04Which is growing faster — JCTC or ALLE?
By revenue growth (latest reported year), Allegion plc (ALLE) is pulling ahead at 7.
8% versus -12. 4% for Jewett-Cameron Trading Company Ltd. (JCTC). On earnings-per-share growth, the picture is similar: Allegion plc grew EPS 9. 1% year-over-year, compared to -657. 1% for Jewett-Cameron Trading Company Ltd.. Over a 3-year CAGR, ALLE leads at 7. 5% annualised revenue growth. Higher growth typically commands a higher valuation multiple — check whether the premium P/E or P/S is justified by the growth rate using the PEG ratio.
05Which has better profit margins — JCTC or ALLE?
Allegion plc (ALLE) is the more profitable company, earning 15.
8% net margin versus -10. 0% for Jewett-Cameron Trading Company Ltd. — meaning it keeps 15. 8% of every revenue dollar as bottom-line profit. Operating margin tells a similar story: ALLE leads at 21. 1% versus -9. 1% for JCTC. At the gross margin level — before operating expenses — ALLE leads at 45. 2%, reflecting greater pricing power or product mix advantage. Stronger margins indicate durable pricing power, lower cost of revenue, or higher mix of software/services.
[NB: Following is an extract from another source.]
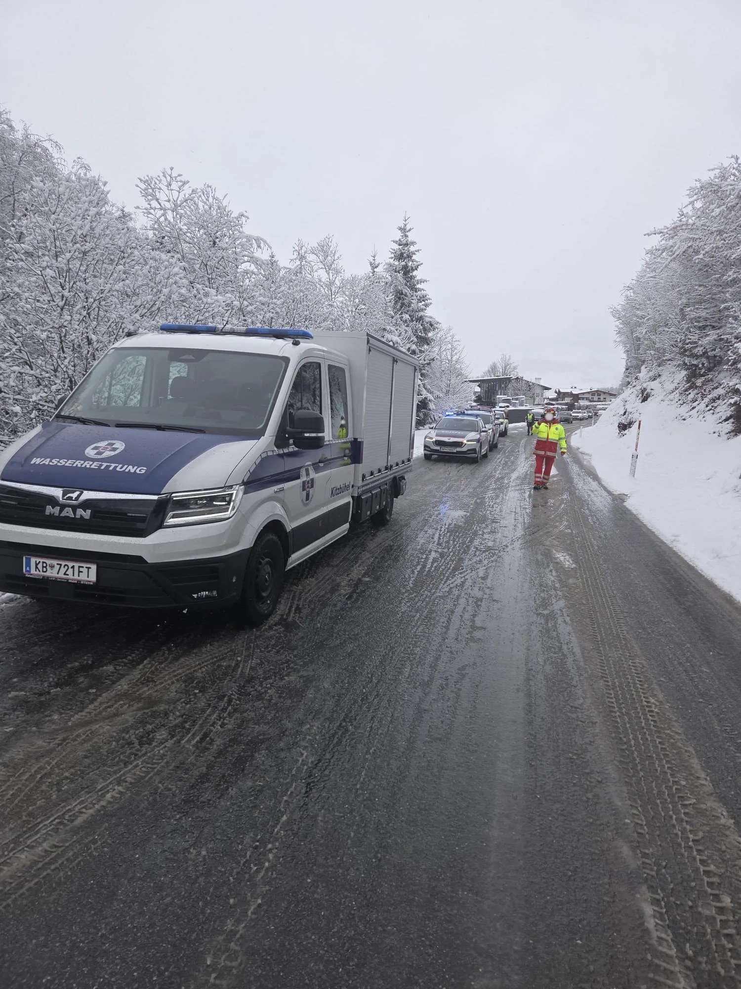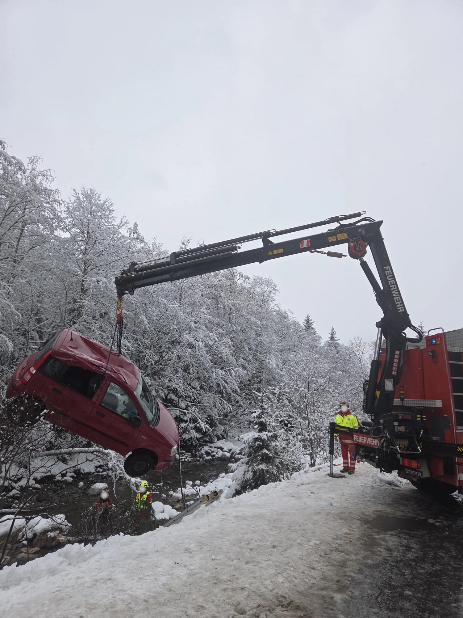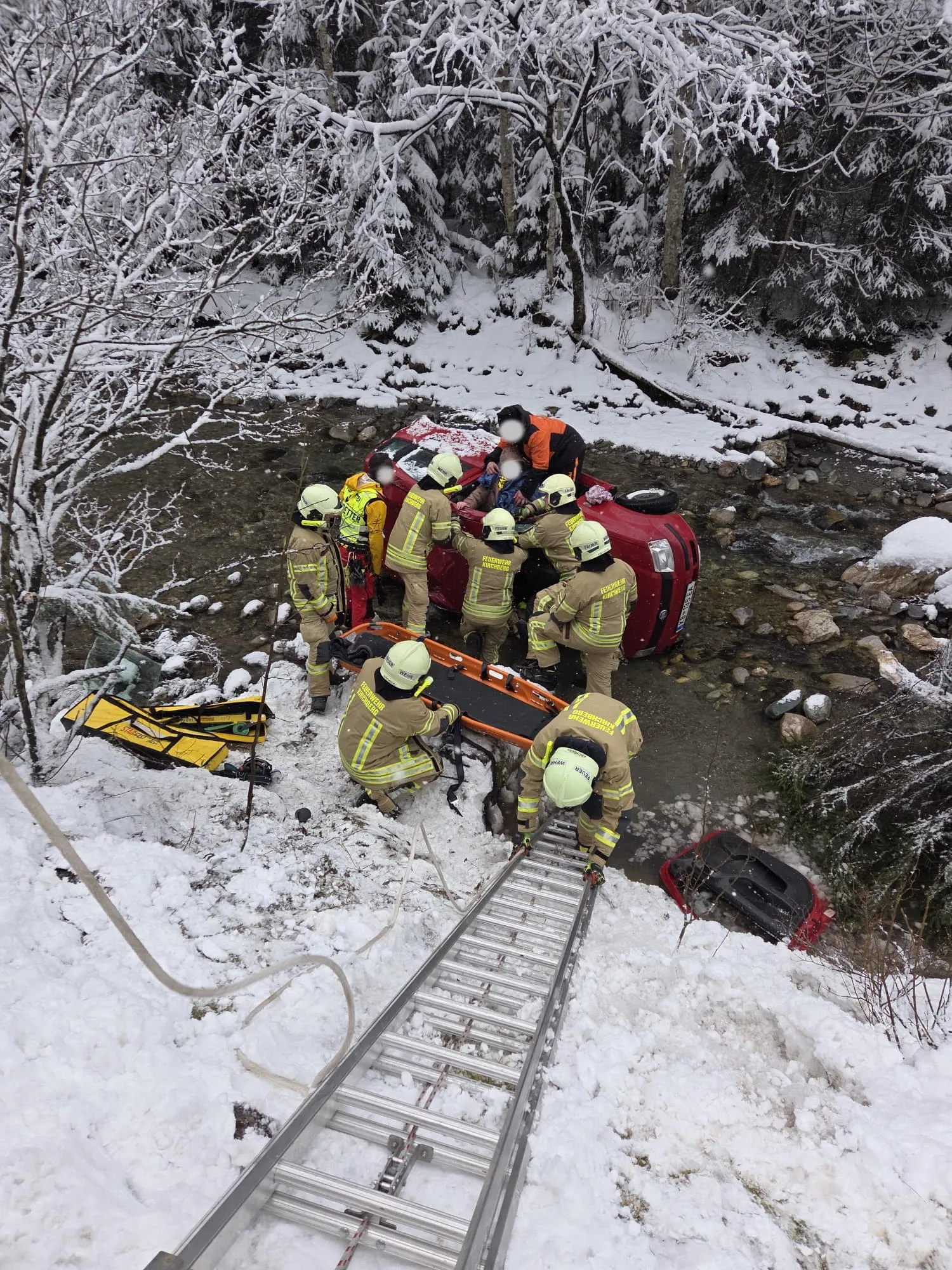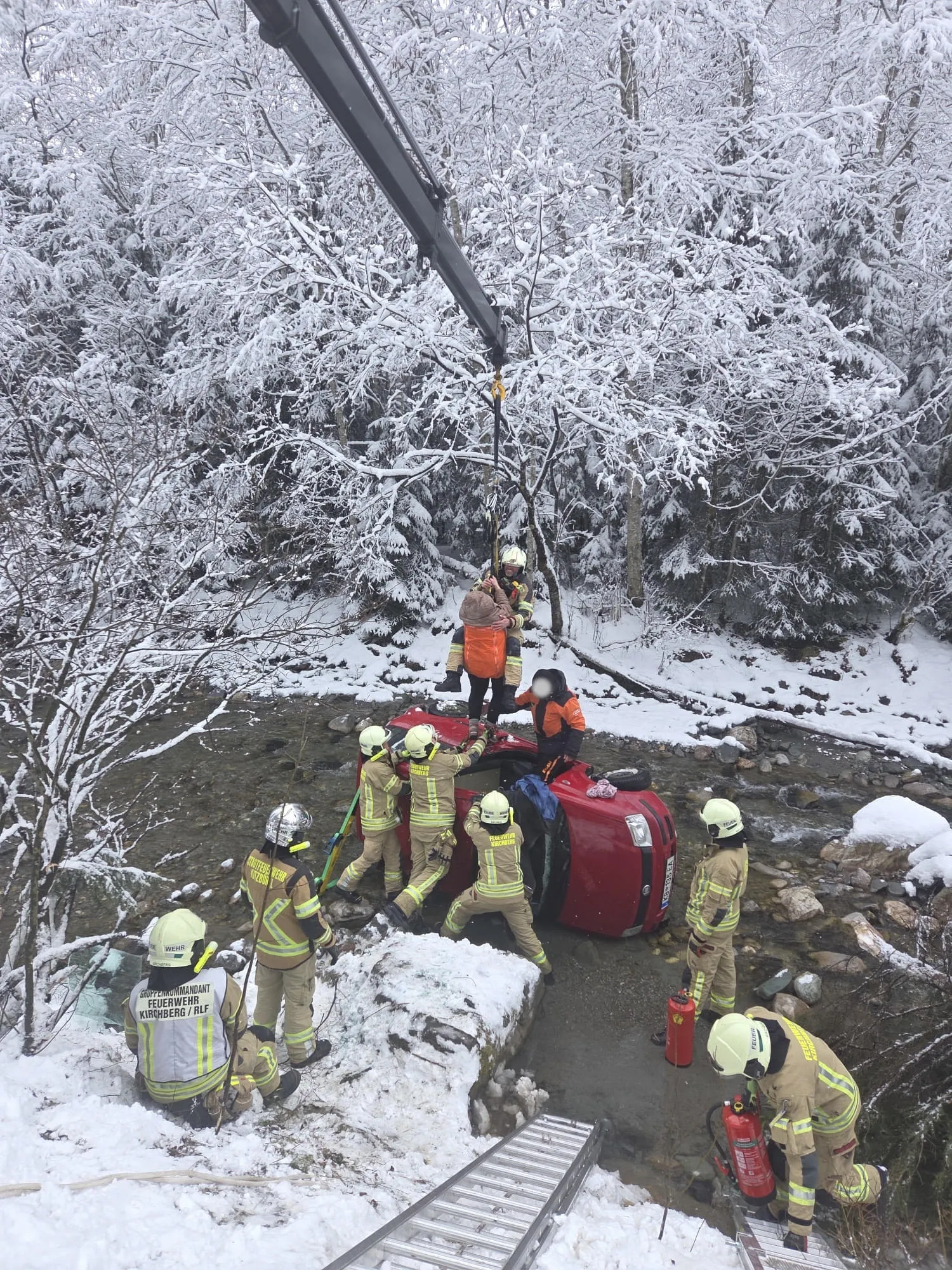 Beim Eintreffen der ersten Einsatzkräfte zeigte sich folgende Lage: Ein Pkw war auf schneebedeckter Fahrbahn ins Schleudern geraten, von der Straße abgekommen und über die steile Böschung in die parallel zur Fahrbahn verlaufende Aschauer Ache gestürzt. Das Fahrzeug überschlug sich und kam schließlich auf der Beifahrerseite im Flussbett zum Stillstand. Eine Person konnte sich selbststandig aus dem Unfallfahrzeug befreien. Ein vorbeifahrendes Mitglied der Pistenrettung der Bergbahn AG Kitzbühel übernahm die Erstversorgung und die Rettungskette wurde in Gang gesetzt. Die zweite Person war im Fahrzeug eingeschlossen und musste von den Einsatzkräften befreit werden. Als erstes wurde das Fahrzeug stabilisiert und gegen Wegrutschen gesichert. Um einen möglichst schonenden Zugang zu schaffen, wurde die Frontscheibe mithilfe einer Sabelsäge entfernt. Anschließend konnte die Patientin mithilfe des Krans des SRF Kitzbühel achsengerecht aus dem Fahrzeug gehoben und dem Rettungsdienst übergeben werden. Nach der Personenrettung wurde das schwer beschädigte Fahrzeug aus dem Flussbett geborgen, um mögliche Umweltschäden zu vermeiden, auf der Fahrbahn abgestellt und gegen Wegrollen gesichert.

They are one of the clearest signs of business quality.
06Which pays a better dividend — JCTC or ALLE?
In this comparison, ALLE (1.
5% yield) pays a dividend. JCTC does not pay a meaningful dividend and should not be held primarily for income.
07Is JCTC or ALLE better for a retirement portfolio?
For long-horizon retirement investors, Allegion plc (ALLE) is the stronger choice — it scores higher on the combination of lower volatility, dividend reliability, and long-term compounding (low volatility (β 0.
67), 1. 5% yield, +127. 3% 10Y return). Both have compounded well over 10 years (ALLE: +127. 3%, JCTC: -53. 7%), confirming both are viable long-term holds — but the lower-volatility option typically results in less emotional selling during corrections. Retirement portfolios generally favour predictability over maximum returns. Consult a financial advisor before making allocation decisions.
08What are the main differences between JCTC and ALLE?
These companies operate in different sectors (JCTC (Basic Materials) and ALLE (Industrials)), which means they face different economic cycles, regulatory environments, and macro sensitivities — making direct comparison nuanced.
ALLE pays a dividend while JCTC does not, making them suitable for different income and tax situations. These fundamental differences mean investors should not choose between them on a single metric — the "better stock" depends entirely on which of these characteristics aligns with your investment strategy.